For elderly couples, negative thoughts about aging can be detrimental to their spouses
Elderly husbands and wives can expect their health to decline—as well as that of their spouse—when their self-perceptions about aging become negative, a new study suggests.
Led by researchers at the University of Michigan and Zhejiang University, the study found that health effects differ by gender among elderly couples. The husband’s self-perceptions about aging are associated with his wife’s depressive symptoms, whereas the wife’s views correlate with her husband’s physical disability, functional limitations and chronic diseases, the findings indicated.
Previous research has focused on how individuals’ aging self-perceptions affected them, but not the detrimental spillover effects on their spouses. In general, negative aging beliefs among the elderly can become a self-fulfilling prophecy affecting psychological, cognitive, and behavioral processes, the researchers said.
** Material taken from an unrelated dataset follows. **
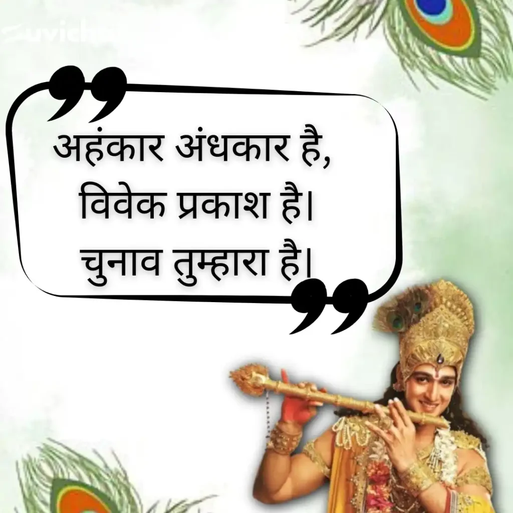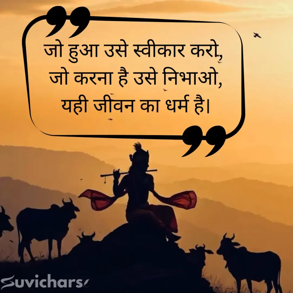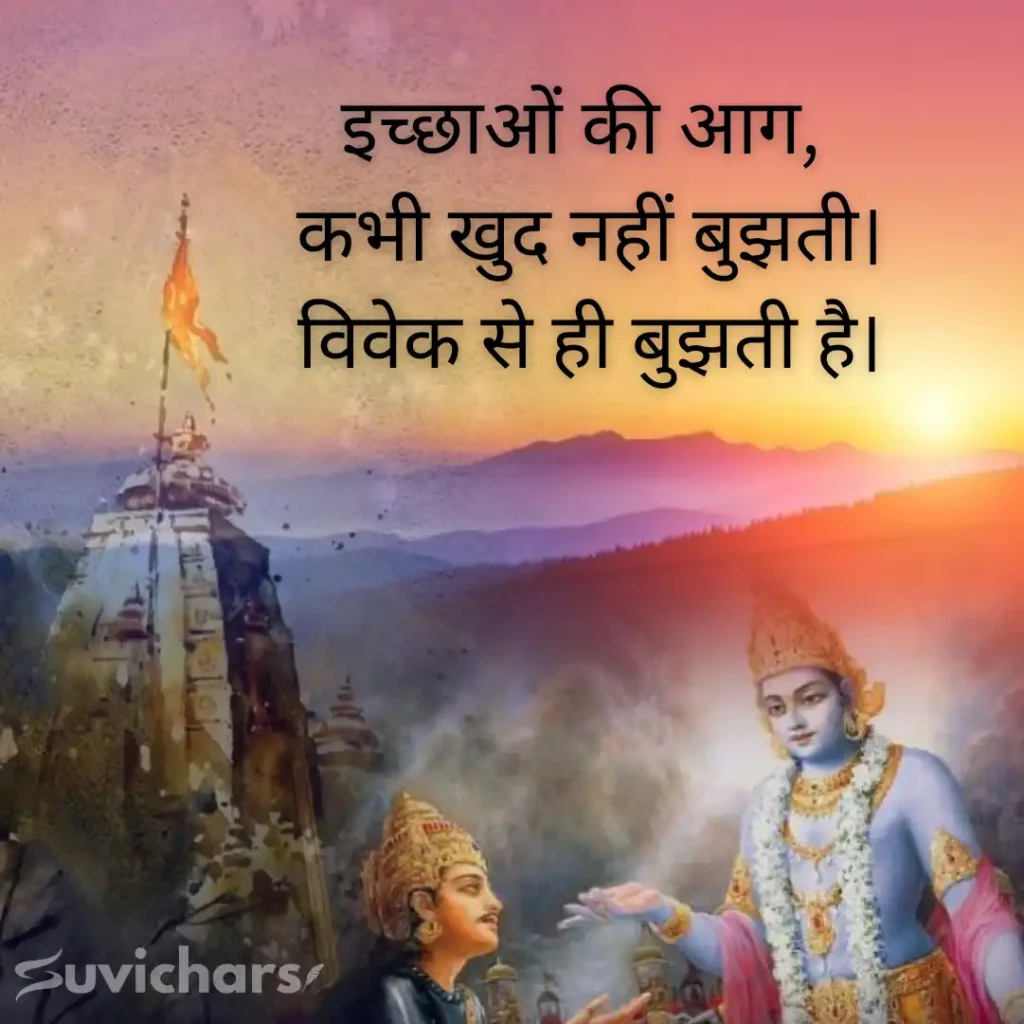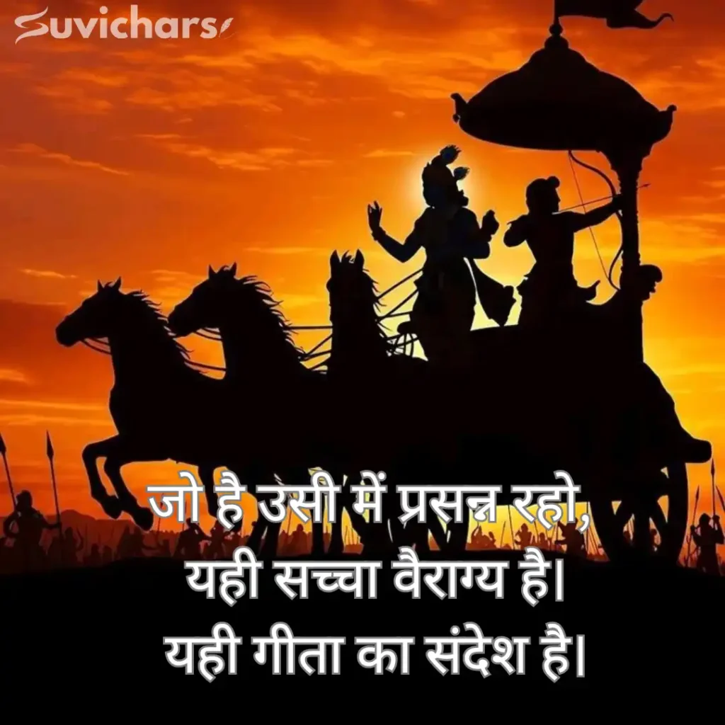 अगर आप जीवन में शांति, सही दिशा चाहते हैं, तो suvichar पर दिए गए ये Suvichar Geeta Gyan आपके लिए सही रास्ता हैं। Krishna Updesh, Karma Yoga जीवन बदलने वाले गीता सुविचार पढ़ें और जीवन को और सरल व आसान बनाएं।

“As a result, these beliefs may become a reality,” said study co-author Lydia Li, U-M professor of social work.
Data from nearly 6,000 individuals over age 50 and their spouses were drawn from the Health and Retirement Survey, a longitudinal panel study that surveys a representative sample of about 20,000 people in the U.S.
The analysis targeted six health domains: physical disability (or challenges doing daily tasks such as dressing and eating), functional performance (which measured a dozen tasks such as walking several blocks or sitting two hours), chronic disease, depressive symptoms, cognitive functioning and self-rated health.
By examining multiple health outcomes, we aim to obtain a broader picture with regard to the role of self-perception aging in older adults’ health
Lydia W. Li
“By examining multiple health outcomes, we aim to obtain a broader picture with regard to the role of self-perception aging in older adults’ health,” Li said.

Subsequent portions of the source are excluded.